> WHAT TO DO:
Beginning with the line containing "Commission | |" and going on through the line containing "800-320353MG Фигурный умывальник", the lines below are to be returned exactly, pictures excluded and nothing added.

╭─ RECORDS FOR THIS TASK

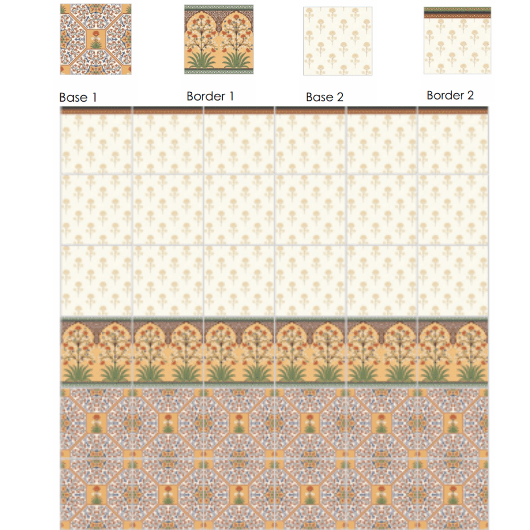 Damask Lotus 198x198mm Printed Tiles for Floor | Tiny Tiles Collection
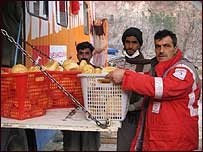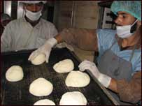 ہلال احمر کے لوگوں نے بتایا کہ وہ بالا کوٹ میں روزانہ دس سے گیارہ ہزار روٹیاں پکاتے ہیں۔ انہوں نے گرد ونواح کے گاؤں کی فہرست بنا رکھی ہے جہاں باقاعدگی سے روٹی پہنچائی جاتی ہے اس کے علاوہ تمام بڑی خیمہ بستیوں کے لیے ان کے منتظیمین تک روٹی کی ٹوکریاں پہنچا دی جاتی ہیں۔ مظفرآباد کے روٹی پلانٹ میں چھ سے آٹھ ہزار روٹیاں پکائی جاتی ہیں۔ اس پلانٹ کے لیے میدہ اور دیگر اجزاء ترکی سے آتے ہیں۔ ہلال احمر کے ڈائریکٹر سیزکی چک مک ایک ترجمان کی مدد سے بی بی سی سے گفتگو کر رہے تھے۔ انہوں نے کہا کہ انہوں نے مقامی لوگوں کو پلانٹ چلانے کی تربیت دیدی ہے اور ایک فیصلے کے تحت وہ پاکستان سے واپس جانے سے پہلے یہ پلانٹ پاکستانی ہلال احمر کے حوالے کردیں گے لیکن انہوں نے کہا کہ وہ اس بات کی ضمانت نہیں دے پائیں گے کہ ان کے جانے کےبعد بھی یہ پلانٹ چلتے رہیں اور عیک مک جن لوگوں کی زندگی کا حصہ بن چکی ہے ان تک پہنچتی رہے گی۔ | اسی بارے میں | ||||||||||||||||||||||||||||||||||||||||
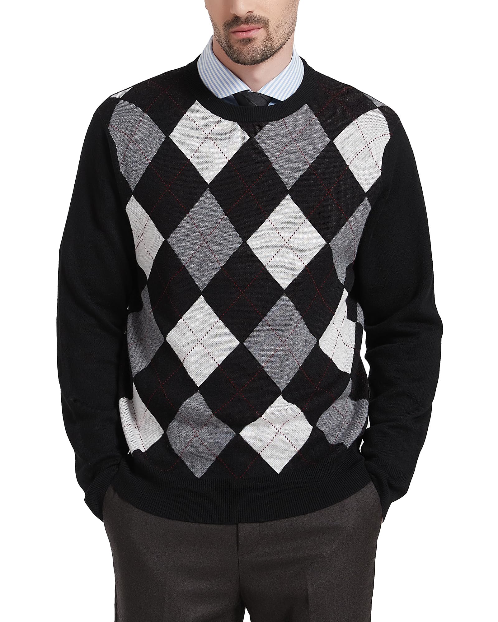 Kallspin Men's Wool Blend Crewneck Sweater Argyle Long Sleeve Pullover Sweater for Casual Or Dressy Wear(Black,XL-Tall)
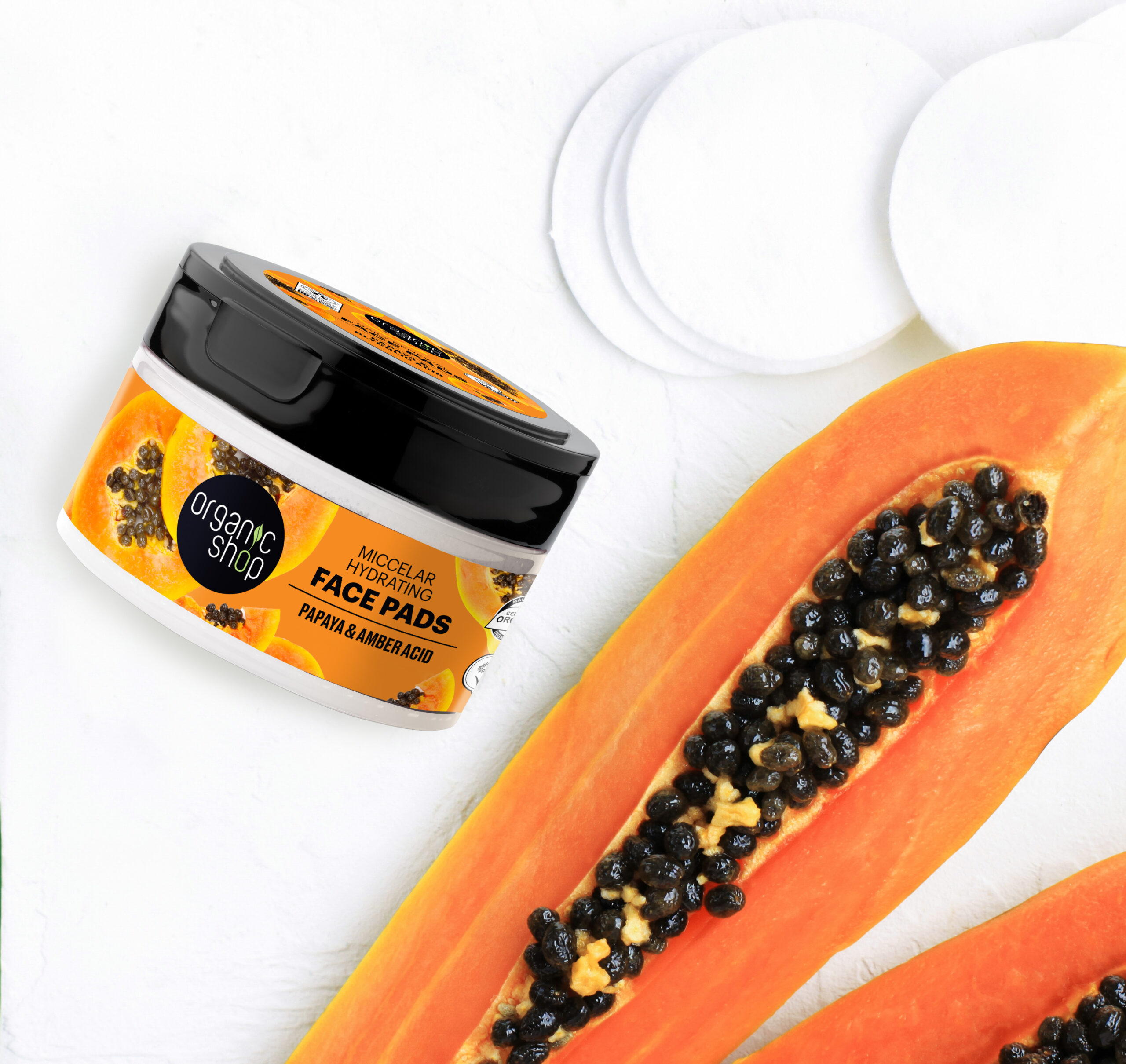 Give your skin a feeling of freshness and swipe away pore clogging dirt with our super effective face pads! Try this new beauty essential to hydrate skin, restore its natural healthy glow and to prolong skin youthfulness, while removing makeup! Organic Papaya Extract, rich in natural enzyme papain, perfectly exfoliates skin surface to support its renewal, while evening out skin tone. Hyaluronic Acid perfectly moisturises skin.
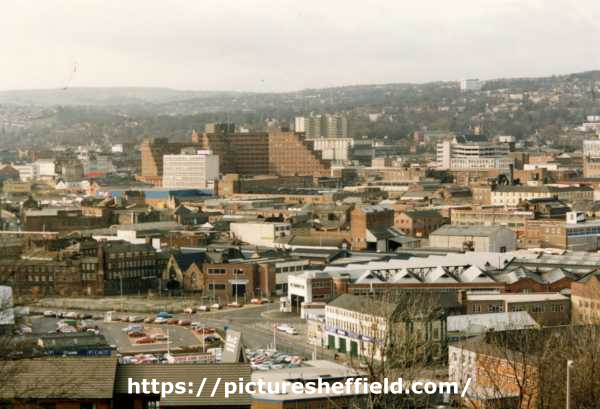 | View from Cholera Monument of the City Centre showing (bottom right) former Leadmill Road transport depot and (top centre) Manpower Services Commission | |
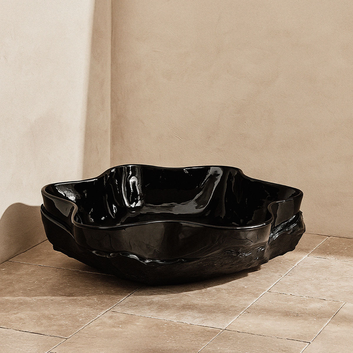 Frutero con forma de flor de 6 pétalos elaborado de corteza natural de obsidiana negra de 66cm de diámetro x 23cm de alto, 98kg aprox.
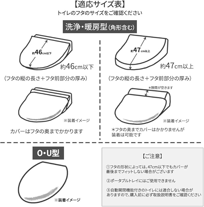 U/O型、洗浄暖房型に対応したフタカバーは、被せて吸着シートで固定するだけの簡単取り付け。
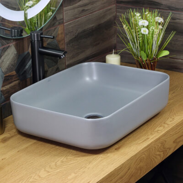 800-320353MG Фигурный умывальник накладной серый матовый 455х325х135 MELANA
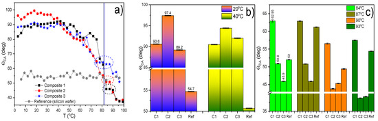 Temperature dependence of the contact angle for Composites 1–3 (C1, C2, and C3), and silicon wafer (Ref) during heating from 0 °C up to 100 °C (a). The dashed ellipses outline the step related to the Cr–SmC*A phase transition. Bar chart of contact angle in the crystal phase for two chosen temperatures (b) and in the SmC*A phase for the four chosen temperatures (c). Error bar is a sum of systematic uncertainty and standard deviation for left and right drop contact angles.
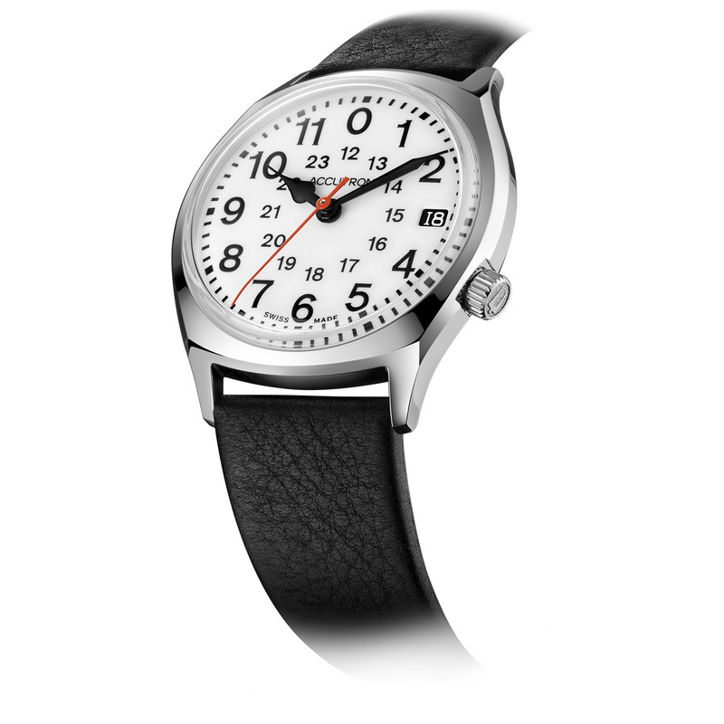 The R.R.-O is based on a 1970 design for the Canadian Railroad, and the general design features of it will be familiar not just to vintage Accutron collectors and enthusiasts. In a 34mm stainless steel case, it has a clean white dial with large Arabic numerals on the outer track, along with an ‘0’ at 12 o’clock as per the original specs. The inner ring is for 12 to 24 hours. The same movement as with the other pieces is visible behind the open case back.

╰─
╭─ RECORDS FOR THIS TASK

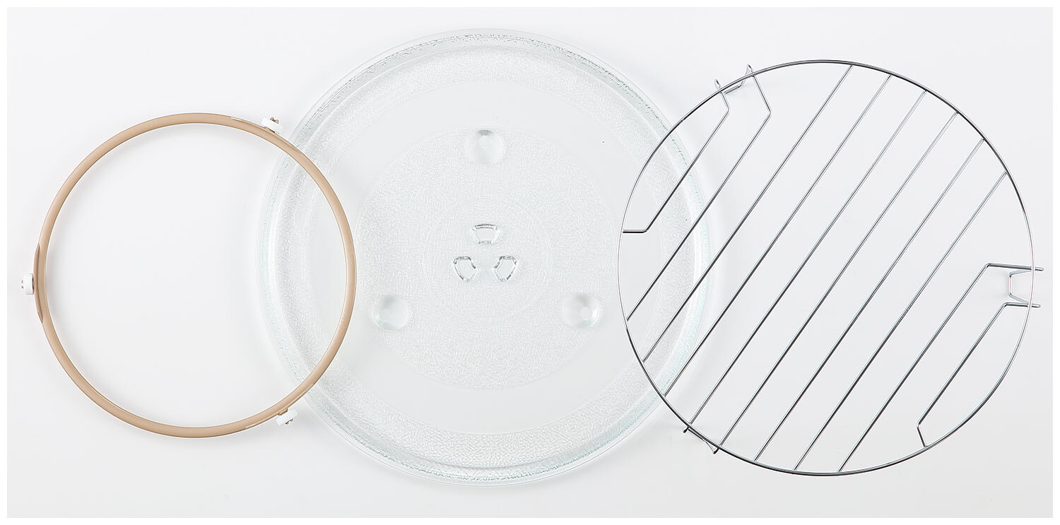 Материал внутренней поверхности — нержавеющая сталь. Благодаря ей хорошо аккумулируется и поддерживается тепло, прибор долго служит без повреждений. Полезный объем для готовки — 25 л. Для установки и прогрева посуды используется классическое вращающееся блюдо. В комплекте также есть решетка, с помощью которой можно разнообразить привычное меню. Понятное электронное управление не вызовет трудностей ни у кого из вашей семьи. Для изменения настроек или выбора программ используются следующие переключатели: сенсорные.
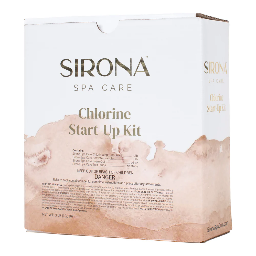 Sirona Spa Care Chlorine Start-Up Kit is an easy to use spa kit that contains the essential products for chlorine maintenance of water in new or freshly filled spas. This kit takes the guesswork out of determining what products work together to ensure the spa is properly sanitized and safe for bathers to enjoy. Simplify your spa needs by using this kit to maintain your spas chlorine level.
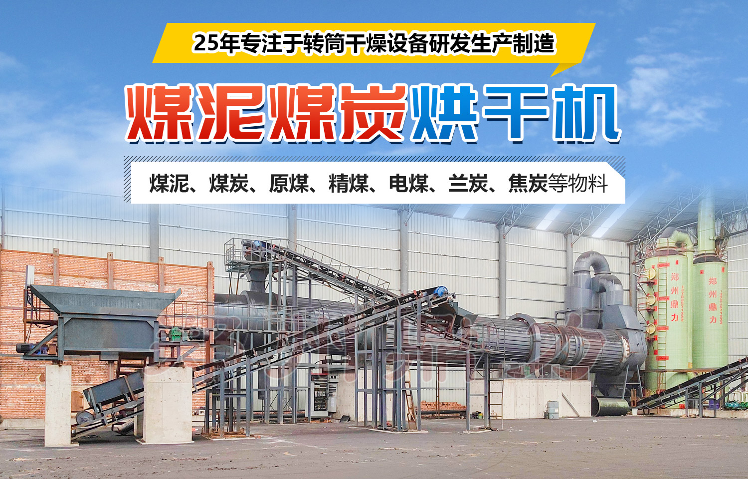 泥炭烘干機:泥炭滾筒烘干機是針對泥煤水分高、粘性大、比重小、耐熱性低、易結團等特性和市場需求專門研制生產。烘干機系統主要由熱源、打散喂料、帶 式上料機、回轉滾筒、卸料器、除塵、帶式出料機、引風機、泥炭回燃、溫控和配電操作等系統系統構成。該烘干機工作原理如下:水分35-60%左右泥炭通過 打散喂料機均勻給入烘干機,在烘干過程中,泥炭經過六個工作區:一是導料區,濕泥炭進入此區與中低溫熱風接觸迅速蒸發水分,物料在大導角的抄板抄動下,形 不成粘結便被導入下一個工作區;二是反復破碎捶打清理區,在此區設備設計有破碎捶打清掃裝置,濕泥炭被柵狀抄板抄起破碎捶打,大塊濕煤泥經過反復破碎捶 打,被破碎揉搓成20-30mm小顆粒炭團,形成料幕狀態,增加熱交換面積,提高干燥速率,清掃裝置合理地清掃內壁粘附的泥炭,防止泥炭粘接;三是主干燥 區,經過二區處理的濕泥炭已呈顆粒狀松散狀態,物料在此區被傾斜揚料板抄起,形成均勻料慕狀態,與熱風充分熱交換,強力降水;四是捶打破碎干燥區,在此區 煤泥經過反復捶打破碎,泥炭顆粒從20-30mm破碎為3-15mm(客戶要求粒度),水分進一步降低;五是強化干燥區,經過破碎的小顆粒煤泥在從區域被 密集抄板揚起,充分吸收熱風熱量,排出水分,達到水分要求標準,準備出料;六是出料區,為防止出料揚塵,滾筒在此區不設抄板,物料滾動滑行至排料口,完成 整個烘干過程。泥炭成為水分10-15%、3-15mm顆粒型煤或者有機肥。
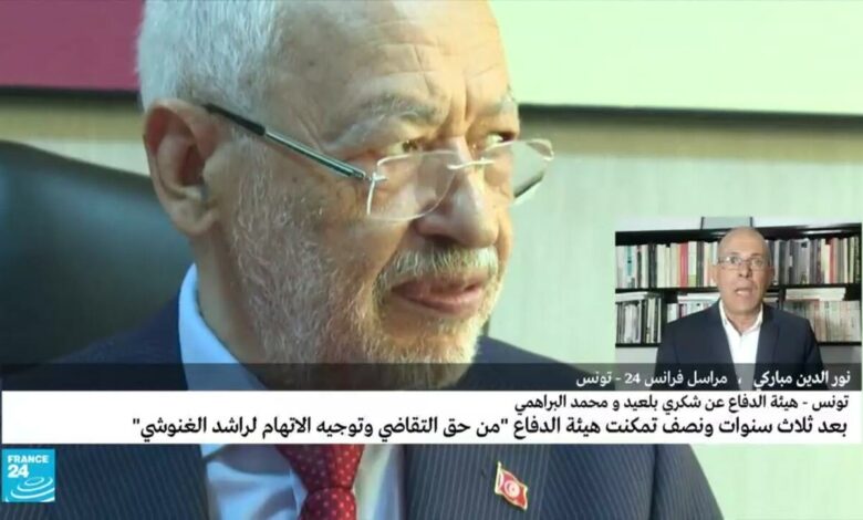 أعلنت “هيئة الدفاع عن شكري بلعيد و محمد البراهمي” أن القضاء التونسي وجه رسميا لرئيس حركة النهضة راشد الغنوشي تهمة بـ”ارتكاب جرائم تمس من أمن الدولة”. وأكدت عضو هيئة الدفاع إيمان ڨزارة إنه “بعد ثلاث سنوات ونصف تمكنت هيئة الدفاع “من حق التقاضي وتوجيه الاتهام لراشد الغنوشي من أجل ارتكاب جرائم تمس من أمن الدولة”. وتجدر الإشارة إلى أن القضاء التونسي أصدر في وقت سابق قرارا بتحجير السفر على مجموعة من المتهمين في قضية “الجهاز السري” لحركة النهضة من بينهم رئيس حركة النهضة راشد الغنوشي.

╰─

> ANSWER TO THIS PROBLEM:
 | View from Cholera Monument of the City Centre showing (bottom right) former Leadmill Road transport depot and (top centre) Manpower Services Commission | |
 Frutero con forma de flor de 6 pétalos elaborado de corteza natural de obsidiana negra de 66cm de diámetro x 23cm de alto, 98kg aprox.
 U/O型、洗浄暖房型に対応したフタカバーは、被せて吸着シートで固定するだけの簡単取り付け。
 800-320353MG Фигурный умывальник накладной серый матовый 455х325х135 MELANA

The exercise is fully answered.